(Records contained in a dataset)
○ ○ ○ ○

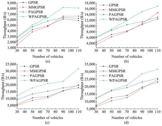 As shown in Figure 10a, the average throughput of W-PAGPSR is 29.61%, 36.70%, and 15.01% higher than those of GPSR, MM-GPSR, and PA-GPSR, respectively. Figure 10b shows that the average throughput of W-PAGPSR is 37.72%, 44.45%, and 16.05% higher than those of GPSR, MM-GPSR, and PA-GPSR, respectively. As shown in Figure 10c, the average throughput of W-PAGPSR is 75.89%, 89.33%, and 38.36% higher than those of GPSR, MM-GPSR, and PA-GPSR, respectively. Figure 10d shows that the average throughput of W-PAGPSR is 47.47%, 59.89%, and 11.89% higher than those of GPSR, MM-GPSR, and PA-GPSR, respectively. Since W-PAGPSR considers link quality and uses a weight model when selecting the next hop forwarding node, it shows better network resource utilization than other protocols.
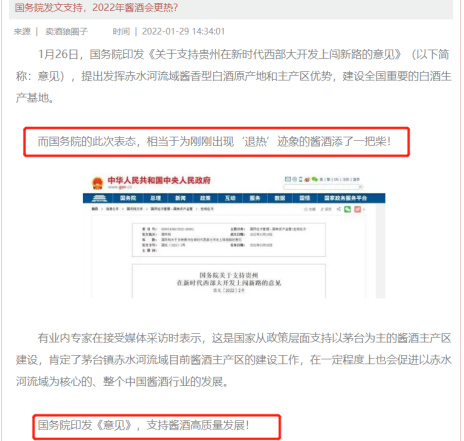 随着中国经济的快速发展和消费者需求的不断扩大,白酒行业的市场规模也在不断增长。酱香白酒本着其特性与文化,已吸引国内白酒饮酒习惯由浓香型、清香型向酱香型逐渐转变,市场份额快速提升。2022年1月26日,国务院印发《意见》,支持酱酒高质量发展!
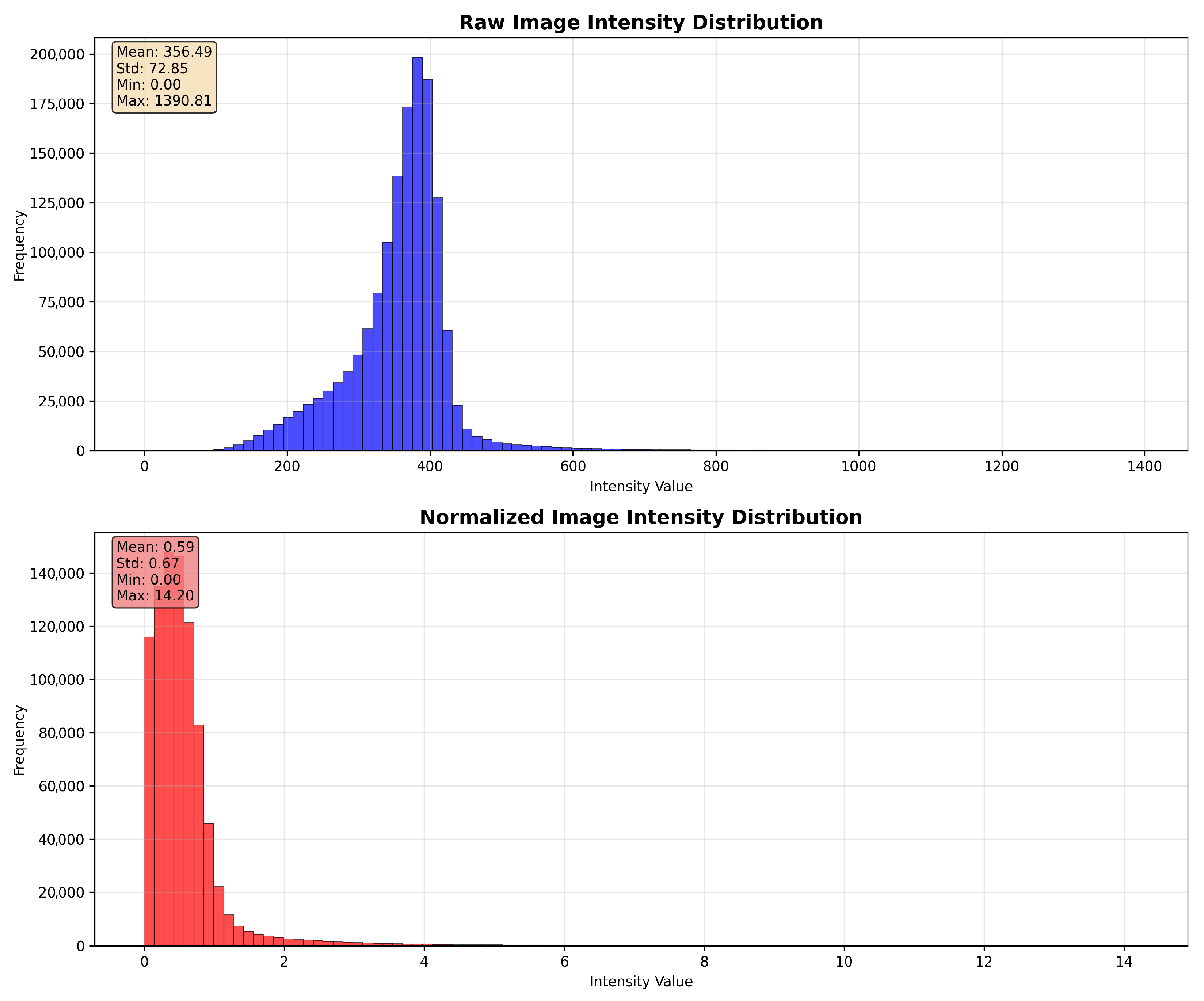 Table 4, the original voxel intensities span a wide range, reflecting strong contrast between bright enhancement regions and darker tissues. After applying z-score normalization, the intensity distribution becomes centered around zero with reduced variance, resulting in a more uniform and balanced appearance across tissues. However, this transformation also alters the visual contrast, as shown in
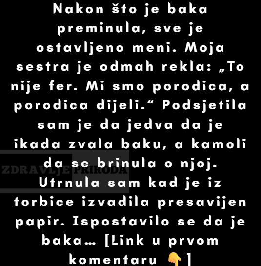 Baka mi je nedavno umrla a sve sto je zakonski imala je ostavljeno meni. ja sam bila ta koja je do zadnjeg trenutka njenog zivota bila sa njom, brinula se o njoj, vozila je na pregled i uvijek bila uz nju kada niko drugi to nije. Kada je moja sestra to saznala rekla mi je:…
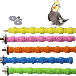 kathson 5 PCS Bird Perch Parrot Stand Cage Accessories Natural Wooden Stick Paw Grinding Rough-surfaced Chew Toy for Cockatiels,Cockatoo,Lorikeet,Conure,Parakeet (Random Color,6.29inch)
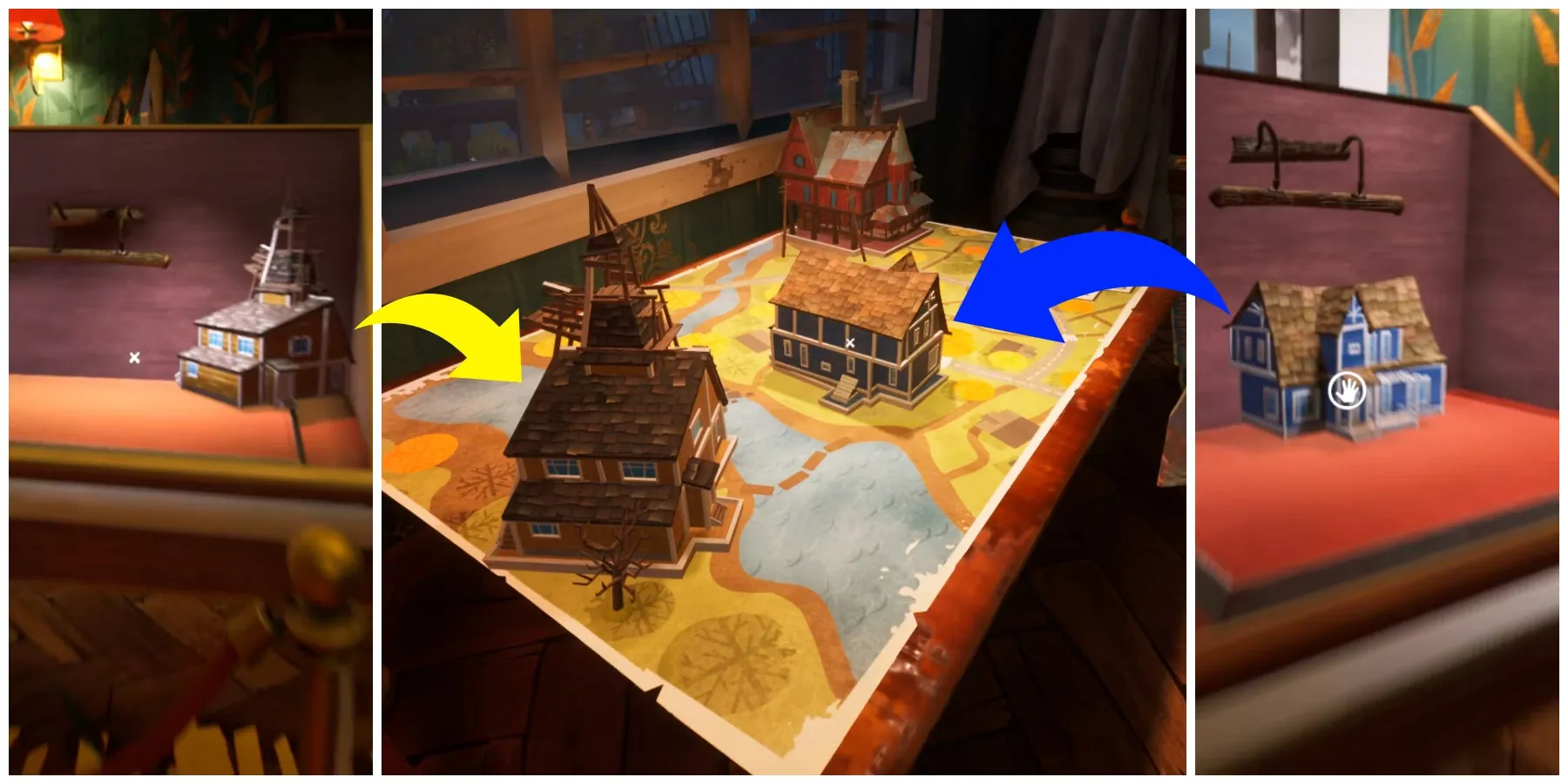 Рыбью голову в перевернутой комнате получить проще всего, поскольку она висит на стене на виду у всех. Чтобы открыть сейф и получить ключ от этой комнаты, игроки должны найти три недостающих дома и поместить их на карте города на свои места. Это приведет к открытию сейфа и получению ключа от комнаты. Три модели расположены по адресам:

○ ○ ○ ○

### Task to carry out
Output all of the data exactly as it stands, minus any images.

### Your solution
 As shown in Figure 10a, the average throughput of W-PAGPSR is 29.61%, 36.70%, and 15.01% higher than those of GPSR, MM-GPSR, and PA-GPSR, respectively. Figure 10b shows that the average throughput of W-PAGPSR is 37.72%, 44.45%, and 16.05% higher than those of GPSR, MM-GPSR, and PA-GPSR, respectively. As shown in Figure 10c, the average throughput of W-PAGPSR is 75.89%, 89.33%, and 38.36% higher than those of GPSR, MM-GPSR, and PA-GPSR, respectively. Figure 10d shows that the average throughput of W-PAGPSR is 47.47%, 59.89%, and 11.89% higher than those of GPSR, MM-GPSR, and PA-GPSR, respectively. Since W-PAGPSR considers link quality and uses a weight model when selecting the next hop forwarding node, it shows better network resource utilization than other protocols.
 随着中国经济的快速发展和消费者需求的不断扩大,白酒行业的市场规模也在不断增长。酱香白酒本着其特性与文化,已吸引国内白酒饮酒习惯由浓香型、清香型向酱香型逐渐转变,市场份额快速提升。2022年1月26日,国务院印发《意见》,支持酱酒高质量发展!
 Table 4, the original voxel intensities span a wide range, reflecting strong contrast between bright enhancement regions and darker tissues. After applying z-score normalization, the intensity distribution becomes centered around zero with reduced variance, resulting in a more uniform and balanced appearance across tissues. However, this transformation also alters the visual contrast, as shown in
 Baka mi je nedavno umrla a sve sto je zakonski imala je ostavljeno meni. ja sam bila ta koja je do zadnjeg trenutka njenog zivota bila sa njom, brinula se o njoj, vozila je na pregled i uvijek bila uz nju kada niko drugi to nije. Kada je moja sestra to saznala rekla mi je:…
 kathson 5 PCS Bird Perch Parrot Stand Cage Accessories Natural Wooden Stick Paw Grinding Rough-surfaced Chew Toy for Cockatiels,Cockatoo,Lorikeet,Conure,Parakeet (Random Color,6.29inch)
 Рыбью голову в перевернутой комнате получить проще всего, поскольку она висит на стене на виду у всех. Чтобы открыть сейф и получить ключ от этой комнаты, игроки должны найти три недостающих дома и поместить их на карте города на свои места. Это приведет к открытию сейфа и получению ключа от комнаты. Три модели расположены по адресам:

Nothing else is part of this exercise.